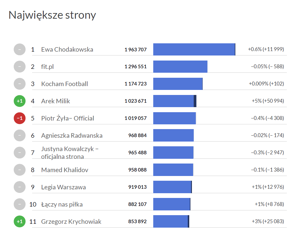 Czerwiec i lipiec upłynęły pod znakiem EURO 2016, sierpień natomiast zdominowały letnie Igrzyska Olimpijskie w Rio de Janeiro. Choć na Facebooku hashtagi nie są podstawową częścią komunikacji (inaczej niż na Twitterze), warto zauważyć, że najpopularniejsze w sierpniu były te związane z RIO 2016. Jednak, kiedy przyjrzymy się dokładniej kategorii sport, widać coś innego – efekt transferów polskich piłkarzy do nowych klubów. Arek Milik trafił do Napoli i przybyło mu pięćdziesiąt tysięcy nowych fanów, lipcowa przeprowadzka Grzegorza Krychowiaka do Paris Saint-Germain sprawiła, że jego stronie na Facebooku przybyło 25 tysięcy fanów. Awans Legii Warszawa do Ligi Mistrzów sprawił, że awansowała w rankingach zaangażowania i interaktywności odpowiednio o 9 i 11 miejsc w kategorii Sport. W rankingu klubów piłkarskich Legii wiedzie się dużo lepiej niż na boiskach Ekstraklasy na początku obecnego sezonu – niezagrożona jest najpopularniejszym polskim klubem na Facebooku i pewnie idzie po milion fanów.
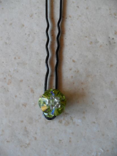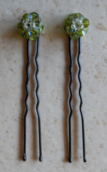 Epingles cheveux en métal noir et fleurs vert olivine en cristal de swarovski.
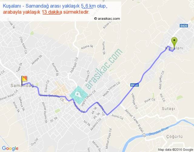 Kuşalanı - Samandağ arası yaklaşık olarak 90 km/h ile yukarıda belirtilen sürede olup, iki yerin kuş uçuşu uzaklığı (mesafesi) 4'dir. Yolculuk otobüsle 16 dakika sürmektedir.
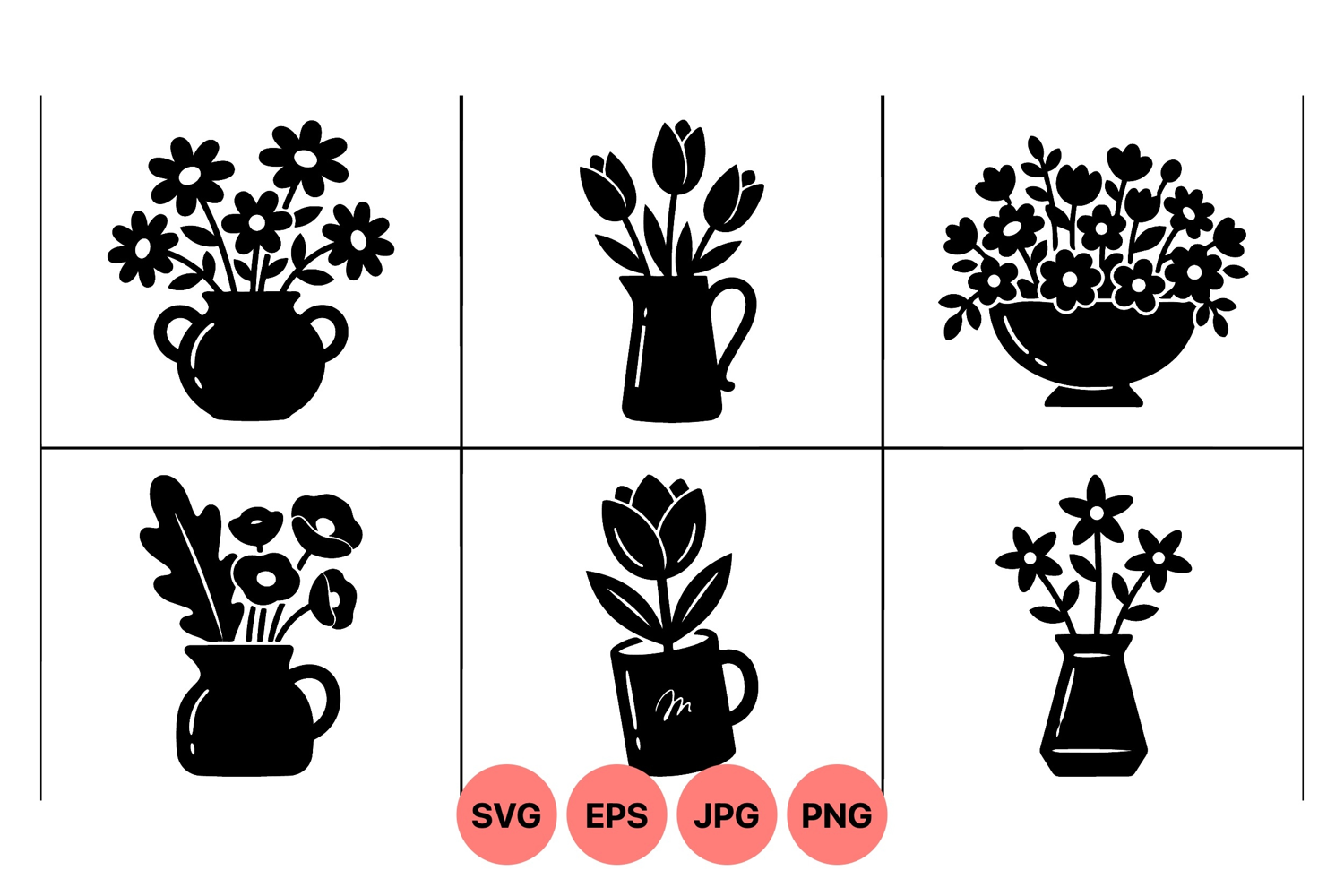 Similar Design Products to Black Floral Vase Silhouette Clipart for Decor
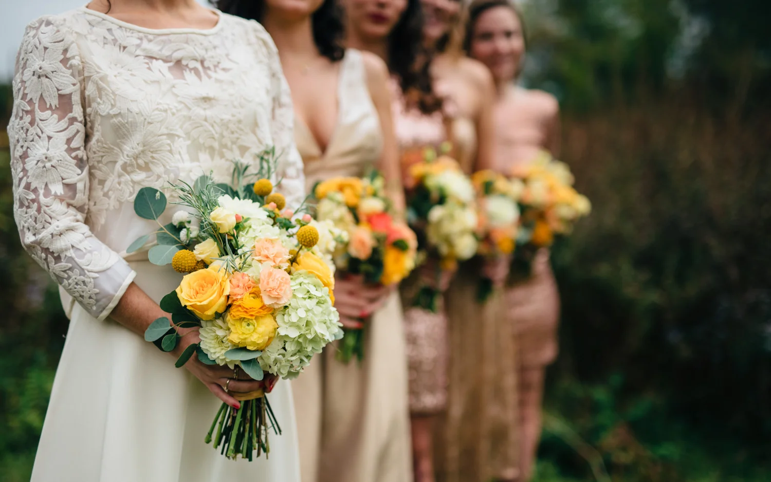 Bridesmaids Dresses (left to right in ceremony photo):

________

WORK REQUEST: Make an exact copy of the records from their first line through the line containing "Epingles cheveux en", both ends included, with the pictures omitted.

SOLVED EXERCISE:
 Czerwiec i lipiec upłynęły pod znakiem EURO 2016, sierpień natomiast zdominowały letnie Igrzyska Olimpijskie w Rio de Janeiro. Choć na Facebooku hashtagi nie są podstawową częścią komunikacji (inaczej niż na Twitterze), warto zauważyć, że najpopularniejsze w sierpniu były te związane z RIO 2016. Jednak, kiedy przyjrzymy się dokładniej kategorii sport, widać coś innego – efekt transferów polskich piłkarzy do nowych klubów. Arek Milik trafił do Napoli i przybyło mu pięćdziesiąt tysięcy nowych fanów, lipcowa przeprowadzka Grzegorza Krychowiaka do Paris Saint-Germain sprawiła, że jego stronie na Facebooku przybyło 25 tysięcy fanów. Awans Legii Warszawa do Ligi Mistrzów sprawił, że awansowała w rankingach zaangażowania i interaktywności odpowiednio o 9 i 11 miejsc w kategorii Sport. W rankingu klubów piłkarskich Legii wiedzie się dużo lepiej niż na boiskach Ekstraklasy na początku obecnego sezonu – niezagrożona jest najpopularniejszym polskim klubem na Facebooku i pewnie idzie po milion fanów.
 Epingles cheveux en métal noir et fleurs vert olivine en cristal de swarovski.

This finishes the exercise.